Soluciones innovadoras para mejorar la recopilación y entrega de datos

Afortunadamente, los patrocinadores pueden encontrar ese apoyo en ICON, la organización de investigación clínica e inteligencia sanitaria. “Básicamente, avanzamos en la investigación clínica. [by] brindando servicios subcontratados a la industria farmacéutica, a la industria de dispositivos médicos y también a organizaciones gubernamentales y de salud pública”, explicó Kidd. Con experiencia en numerosas áreas terapéuticas, como oncología, terapias celulares y génicas, cardiovasculares, biosimilares, vacunas y enfermedades raras, por mencionar sólo algunas, ICON ayuda a la industria farmacéutica a llevar de manera eficiente dispositivos y medicamentos a los pacientes que los necesitan, garantizando al mismo tiempo seguridad del paciente y cumplimiento de las regulaciones locales.

Una de las áreas en las que se centra específicamente el equipo de Kidd es en proporcionar soluciones para avanzar en la recopilación, entrega y análisis de datos clínicos.

La plataforma que ICON proporciona para apoyar a los patrocinadores en este sentido no solo almacena datos ingresados ​​directamente en el sistema por los médicos durante sus visitas al sitio o al hogar, sino que también sirve como un diario electrónico para que los pacientes registren de forma remota sus síntomas a medida que ocurren. Esto facilita que los pacientes participen en ensayos clínicos mientras mantienen sus trabajos y responsabilidades familiares. Además, esta solución proporciona al personal de ensayos clínicos información sobre sus datos a medida que surgen, como los perfiles de eventos adversos y la distribución geográfica de estos eventos. Sin embargo, esto requiere que los datos se ingresen al sistema de la misma manera en todos los sitios participantes.
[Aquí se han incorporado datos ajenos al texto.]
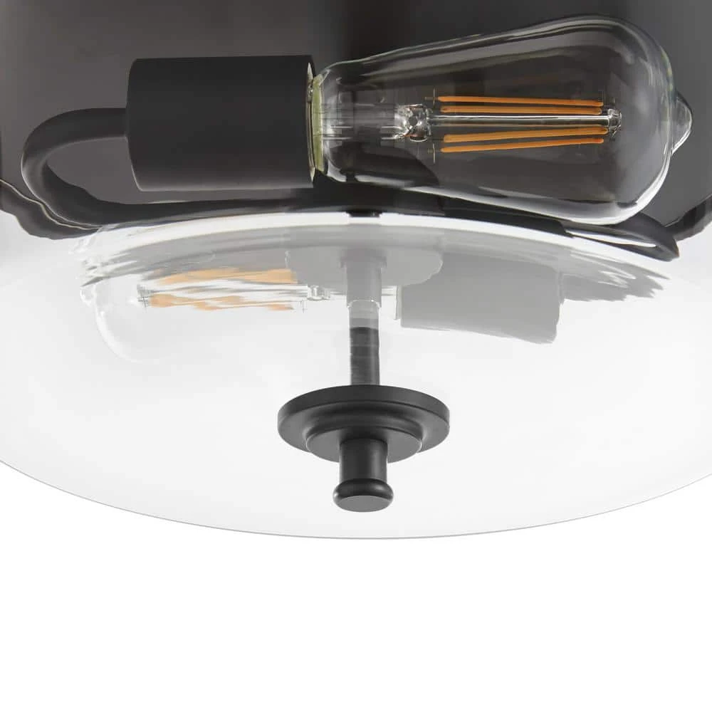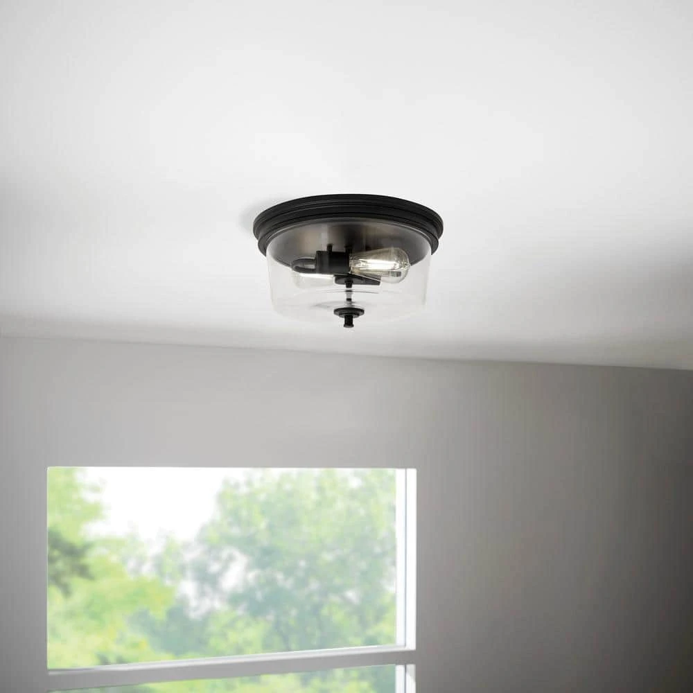 Freshen up a variety of spaces in need of illumination with the simple silhouette of the Manor 2-Light Flush Mount. A durable Matte Black finish provides for a clean, classic appearance. A clear glass shade softens the design ever so slightly and allows the 2-light bases nestled within to share their welcoming glow with space below.
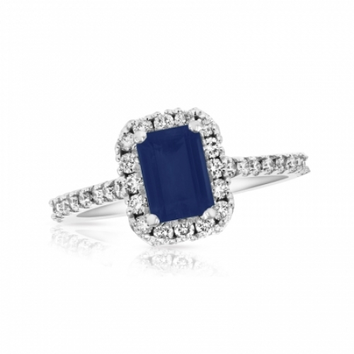 Средние характеристики: сапфир голубой, размер: 9x7 мм, огранка Октагон; круглый бриллиант
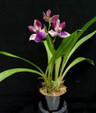 This is an intergeneric cross between Zygopetalum Imagination and Acacalis cyanea (=Aganisia cyanea). The name of this intergeneric cross is Zygonisia. These plants have been vigorous growers. The flowers are very nice, with a dark purple lip with petals that have a light green to lavender background overlaid with violet. The flowers are lightly fragrant
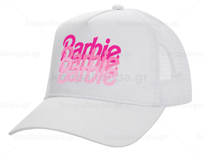 Barbie repeat, Structured Trucker Adult Hat, with Mesh, WHITE (100% COTTON, ADULT, UNISEX, ONE SIZE)
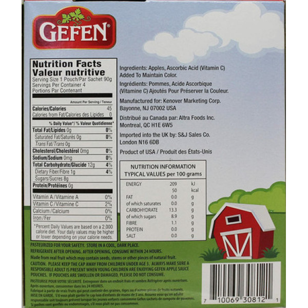 Gefen No Sugar Added Apple Sauce Pouches обладають натуральним смаком та високою смачністю. Упаковка містить 4 соковитих пломбірки, які можна легко стиснути, що робить їх ідеальним вибором для невимушених перекусів. Без вмісту цукру і глютену, ці прекрасні пломбірки нагадують про природність і чистоту. Вони стануть прекрасним додатком до сніданку, обіду або вечері і стануть справжнім задоволенням для вашої сім'ї. Кошерні для Пасхи та використання протягом усього року! Gefen No Sugar Added Apple Sauce Pouches - смачний шматочок природи просто у вашій руці.
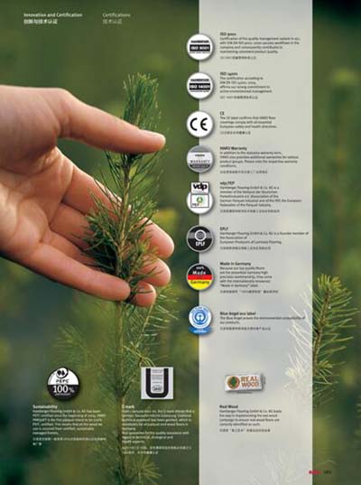 德国汉诺地板作为诸多著名国际协会组织的发起者或重要组织成员,其产品所需各种认证应有尽有。
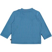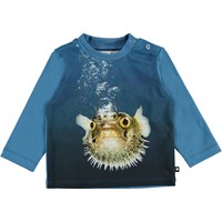 Enovan är en blå babytröja med ett tryck av en fisk på framsidan. Enovan har en knappstängning på ena axeln och mörkblå ärmar och rygg.
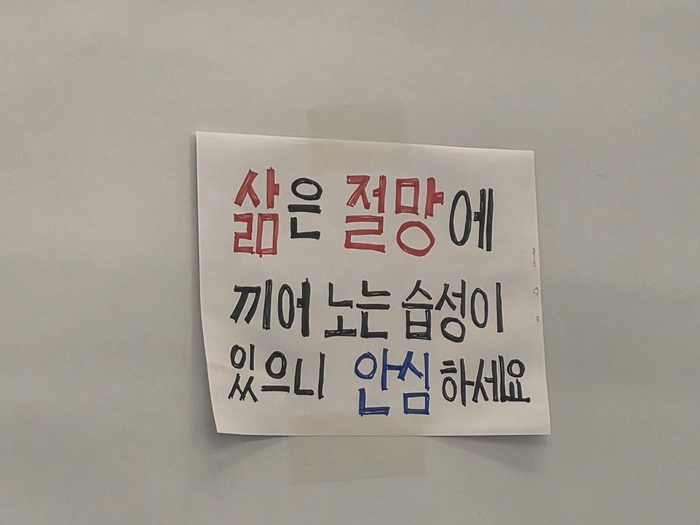 전씨가 마련한 부스에는 “삶은 절망에 끼어 노는 습성이 있으니 안심하세요”라는 문구가 적혀있었다.

Para abordar este problema, las soluciones de ICON también incluyen un portal web orientado al sitio que ayuda a reducir la carga de capacitación al estandarizar la captura de datos y permitir que los equipos del sitio obtengan información clave sobre un medicamento o dispositivo. El portal también ofrece una guía visita por visita para garantizar que los médicos hagan las preguntas necesarias para una visita en particular y les ayuda a recordar cómo registrar los datos correctamente. “Es el entrenamiento al alcance de sus manos cuando más lo necesitan”, dijo Kidd. Soluciones como estas ayudan a los patrocinadores a obtener los datos clínicos de alta calidad que necesitan para avanzar desde el ensayo hasta el mercado.

La investigación clínica está evolucionando y las estrategias de datos que respaldan tanto a los sitios como a los pacientes deben evolucionar de manera similar. Con los conocimientos, la experiencia y las soluciones tecnológicas adecuadas, ICON respalda una mejor toma de decisiones por parte de los patrocinadores.

Referencias

1. Crowley E, et al. Uso de la categorización sistemática de datos para cuantificar los tipos de datos recopilados en ensayos clínicos: el proyecto DataCat. Ensayos. 2020;21(1):535.
2. McGuckin T, et al. Comprender los desafíos que plantea el uso de datos de salud recopilados de forma rutinaria para abordar las brechas en la atención clínica: un estudio de caso en Alberta, Canadá. Clasificación abierta de BMJ. 2022;11(1):e001491.